Así, pues, la genuina cura para la enfermedad del amor es el amor mismo. Como declara el personaje principal de una novela de Frédéric Beigbeder a la mujer de sus ensoñaciones, “el problema es que tú eres la solución”: el problema del amor sólo se resuelve en y por el amor. En este sentido, cabe preguntarnos de qué tipo es la unión y hasta qué punto queda realmente satisfecho el deseo amoroso. Hay quienes hablan de la cura de la enfermedad amorosa como una mera alianza, ya sea carnal o legal, esto es, el matrimonio. Para Avicena, por ejemplo, basta con cualquiera de las dos. Sin embargo, ¿quién se conformaría con una mera unión sexual con la persona amada?, ¿no sería eso algo huero y carente de sentido, suponiendo, por ejemplo, que la persona amada accediese a practicar coito con su amante motivada únicamente por la compasión? Lo mismo ocurre con la unión legal, es decir, casarse con la persona amada no es garantía de amor; existen matrimonios de varias décadas de antigüedad en los que, sin embargo, no hay ningún sentimiento involucrado, ¿podría esto, pues, aliviar la melancolía amorosa? ¿No se trataría igualmente de un intento de cura incompleta? En un cuento de Antón Chéjov titulado “La cigarra”, encontramos un joven matrimonio: ella es artista, él es médico; ella se relaciona con otros artistas e intelectuales, personas con las que comparte ciertos sentimientos y una visión del mundo particular, de entre las que destaca, a sus ojos, un pintor medianamente afamado. El corazón de ella se rinde en los brazos del pintor, no le importa estar casada y dormir con otro hombre cada noche; su amor alcanza una intensidad tal que ya no está interesada en disimularlo, ni siquiera ante los ojos de su marido. El médico la ama, pero sabe que ella ama a otro que no es él, y lo soporta estoicamente porque no podría separarse de ella; sin embargo, comienza a entrar progresivamente en un estado de tristeza profunda, pues sabe que, aunque ella es legalmente su mujer y duerme a su lado, hay un sentido en que ella ya no le pertenece más: ya no lo ama, su amor está distante, ha tomado un rumbo distinto. Su amor está frustrado, aun cuando ante la ley sigan siendo marido y mujer y cada noche sienta su cuerpo junto al suyo. Él no desea solamente que ella sea su esposa; no desea dormir con ella en el mismo lecho…, él desea ser amado, saberse amado por la mujer adorada; en cambio, sabe que esto ya no puede ser, nunca más podrá ser, y entonces acoge la muerte con alegría.

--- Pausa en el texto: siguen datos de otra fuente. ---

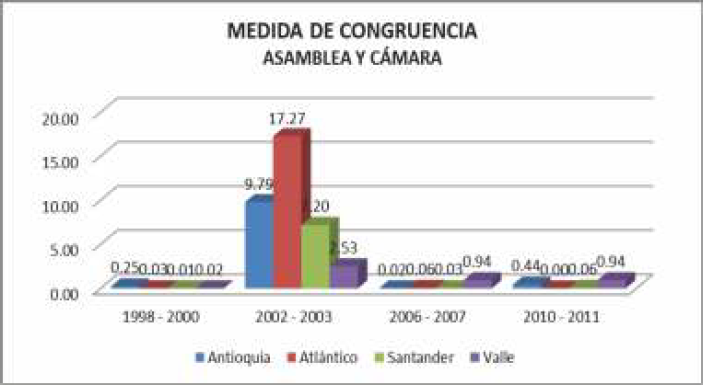 Haciendo uso de la Medida de Congruencia de Gibson y Suárez-Cao (2010) se calcularon los niveles de nacionalización vertical en cada uno de los sistemas subnacionales analizados14. De esta forma, se agruparon en pares los tipos de elección con el fin de apreciar los efectos de la norma para los diferentes niveles (Asamblea–Cámara, Concejo–Cámara y Concejo-Asamblea).
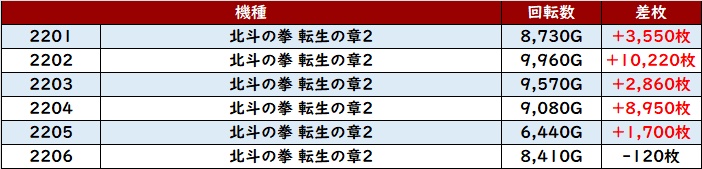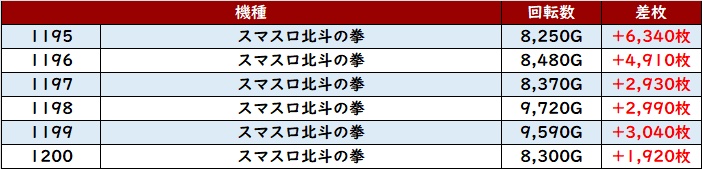まずは「スマスロ北斗 1195~1200」が回転数8,200G超えの高稼働をマーク!

¿Cómo se acalla entonces el deseo de amor? Quizá podamos pensar en una unión más allá de las leyes terrenales y del instinto animal: la unión absoluta y verdadera tendría que darse en un plano más elevado, donde el amante y el amado se funden en una misma persona, donde la reciprocidad es total. Como dijo Julio Cortázar, el amor es como un puente y, por tanto, no puede construirse de un solo lado. Para que el amor quede colmado, es necesario saber que, del otro lado del puente, hay alguien que espera. Tal vez, aunque el puente nunca fuese cruzado, bastaría la sola conciencia de que se es amado para sanar un corazón herido por los dardos del amor.

 

Bibliografía

  1. Burton, Robert, Anatomía de la melancolía, Alianza, Madrid, 2006.
  2. Caruso, Igor, La separación de los amantes. Una fenomenología de la muerte, Siglo XXI, México, 1970.
  3. Jackson, Stanley, Historia de la melancolía y la depresión. Desde los tiempos hipocráticos a la Época moderna, Turner, Madrid, 1989.
  4. Mengal, Paul, “Melancolía erótica e histeria” en Eidos: Revista de filosofía, N°. 1, Colombia, Universidad del Norte, Ediciones Uninorte, 2003, pp. 110-127.

 

Notas

[1] Cfr. Paul Mengal, “Melancolía amorosa e histeria”, ed cit., p. 111.
[2] Stanley Jackson, Historia de la melancolía y la depresión, ed. cit., p. 15.
[3] La perturbación mental causada por el amor ha sido interpretada de diversos modos y ha sido designada por varios nombres: love melancholy, enfermedad de amor, locura de amor, amor heroico, la enfermedad del enamorado, erotomanía, entre otros.
[4] Cfr. Stanley Jackson, Op. cit., p. 339.
[5] Citado por Stanley Jackson en ibidem, p. 325.
[6] Cfr. Ibidem, p. 323.
[7] Ibidem, p. 337.
[8] Citado por Stanley Jackson en ibidem, p. 335.
[9] Cfr. Ibidem, p. 324.
[10] Citado por Stanley Jackson en ibidem, p. 326.